Robert ‘Bob’ Pressey is Professor at James Cook University, Townsville, Australia. He is one of the world’s leading conservation planners, and was one of the pioneers of the method of systematic conservation planning. He has extensive experience in marine, terrestrial and freshwater environments in many parts of the world and is one of the few researchers in conservation science with a strong history of connection to managers and policy makers. He now leads a large research group in planning and management for coral reef conservation, with study areas in the Coral Triangle, western Pacific and further afield. He has published 132 peer-reviewed journal papers and 25 book chapters, with over 8000 citations of his papers.
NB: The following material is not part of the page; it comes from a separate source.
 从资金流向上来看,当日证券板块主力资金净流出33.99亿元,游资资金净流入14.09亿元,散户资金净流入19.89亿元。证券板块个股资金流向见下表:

His numerous national and international awards include election to the Australian Academy of Science in 2010.

DD: How did the idea of systematic conservation planning come about?
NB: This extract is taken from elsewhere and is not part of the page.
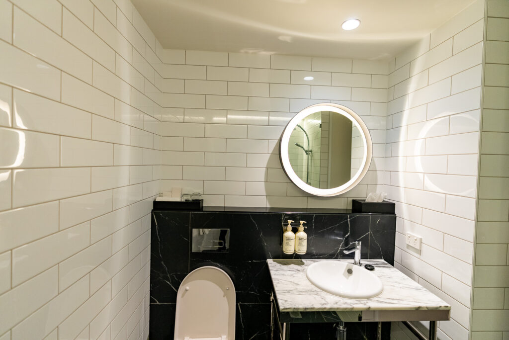 The bathroom keeps the monochrome brief: glossy white subway tiles, a black-stone backsplash and a round back-lit mirror over a marble vanity with an inset basin. Fixtures are unfussy and functional, the walk-in shower generous, and full-size Ink & Water amenities neatly wall-mounted. The flattering light from the recessed ceiling and the mirror’s halo makes those pre-dawn departures a touch gentler, and thick, warm towels deliver the right kind of finish. It reads like a small city home that understands business travel; close the door, reset, and get things done without the room ever getting in the way.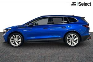 This 2023 Skoda Enyaq 80 is an exceptional example, boasting incredibly low mileage for its age at just 9506 miles. As a fully electric vehicle, it offers a substantial battery total capacity of 82 kWh, providing a maximum range of 339 miles when new. This Enyaq 80 comes equipped with the desirable Plus Package, which includes Blind Spot Assistance, dual zone climate control, adaptive cruise control, LED headlights, keyless entry, heated front seats, memory seats, a heated steering wheel, and wireless phone charging. Further enhancing its appeal are the stylish 20 inch Vega Silver Metallic alloy wheels and Skoda Connect iV Remote Services, allowing for remote climate control activation. For seamless connectivity, it also features Wireless Smartlink, compatible with Android Auto. The impressive 339 mile maximum range highlights how this Enyaq 80 is better equipped for longer journeys than many other electric vehicles. Furthermore, the generous boot space ensures practicality for all your needs, whether it's for daily errands or family adventures. Charging is convenient, with a full charge at home on a 7kW charger taking approximately 13 hours, and rapid public charging can replenish the battery from empty to 80% in as little as 30 minutes, demonstrating its versatility for both home and on the go charging.

BP: The first person to conceptualise systematic conservation planning in its rudimentary form was Jamie Kirkpatrick, in Tasmania. He did the work in about 1980 or so, but he didn’t publish until 1983. So I’d date systematic conservation planning to be 30 years old this year. Jamie was the first but, interestingly, others had the same sort of idea at about the same time. In the years that followed, CSIRO [Australia], the Natural History Museum [UK] and Tony Rebelo in South Africa independently built these ideas. The basic idea was to break away from the ‘scoring approach’ as it was being used at the time. The scoring approach is quite explicit, which was one of its appeals, but it had limitations that were understood only later. With the scoring approach, people ask what makes a place valuable: richness, rarity, biodiversity, or other criteria? They rate each place—which could be a forest fragment, or a beach, or a farm—according to one or more criteria. They work out some way of defining each criterion and then combining it with the others, adding or multiplying, and then they end up with an overall assessment of conservation value. This was done a lot and published quite widely, especially in the1970s. The problem with the scoring approach is getting areas that are really rich, say in species, sitting on the top of the list, but all the ones that are highly ranked tending to have the same things in them. You’d just get those things again and again, but not the things that are at the bottom of the list, which could be species needing conservation action. Some things that matter for conservation are only going to turn up in places that don’t have much richness—that’s just the way things are.

What Jamie and others did, independently, was to come up with a better idea. They later found out about each other’s work, and at least 3 groups started working together. I’ve written a paper about that, because it is a nice piece of history in conservation planning, and because I like Jamie and admire his work.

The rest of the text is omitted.